To: ThirdEye who wrote (660998)11/17/2004 3:01:06 AM
From: DavesM  Respond to of 769670
 
First of all, IMO the stuff about the CIA and Iranian oil is crap. Britain was the major purchaser of Iranian oil, not the United States. In the 50's, the United States was probably a net exporter of oil - probably still had the world's largest oil reserves. On top of that, American Companies had operating control of the World's largest oil fields, in Saudi Arabia.

Mossadegh undertook socialist action in Iran (Nationalizing the oil industry), and had as one of his major allies, the Iranian Communist Party. Just a few years earlier, the Soviet troops invaded and occupied northern Iran, setting up a puppet government, and only left because Truman threatened to go to war with the Soviet Union.
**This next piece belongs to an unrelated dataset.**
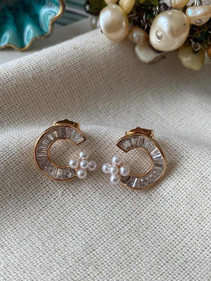 حلق أنيق بتصميم نصف دائرة مطلي بالذهب مع أحجار شفافة وتفاصيل لؤلؤية تضيف لمسة فخمة ورقيقة.

Further, Truman had politically survived a revolt from progressives and communist sympathizers from the Democratic Party (as well as segregationists), and was trying to purge communist sympathizers and actual Soviet spies out of his Administration. The British may have wanted to overthrow Mossadegh to get back control of the Iranian oil industry, but my guess is that the Americans were more concerned that the Soviets not secure a warm water port with direct access to the Indian Ocean (and do to Iran, what the Soviets did in Eastern Europe).

In the early 50's the Cold War was hot enough, that tens of thousands of American troops were dying in Korea - trying to halt Soviet/communist expansionism. The idea that a Socialist/communist/Islamist dictatorship friendly to the Soviet Union be running Iran was probably deemed unacceptable.

Was the United States Imperialistic (esp. Latin America)? Sure, but Woodrow Wilson, began a change in the United States. During the Cold war, did the United States tolerate brutal regimes as long as they were anti communist? You bet. Did the United States prefer dealing with democratic governments? Yes, but for the United States, confronting communism and communist revolution was a greater priority. And after the collapse of the Soviet Union, you may have noticed, that almost all of Latin America have democratic governments. That their military dictators, all were encouraged by the United States to give up power peacefully - and they did.

Indeed, the 20th Century should be remembered as the century that America sent it troops, to die around the world, fighting not for empire, but freedom. Americans troops died in the North Atlantic, the Pacific from the Artic Circle to the South Pacific, France, Belgium, Germany, Italy, North Africa, Lebanon, Iraq (in the 90's), Saudi Arabia, Kuwait, Burma, Japan, the Philipines, Korea, Vietnam, Laos, Afghanistan, and now again Iraq - not for expansion of an American Empire, but for the concept of spreading economic and political freedom. To now claim that now, this time, its all about oil (or in the case of Afghanistan, a gas pipeline); to me, rings hollow.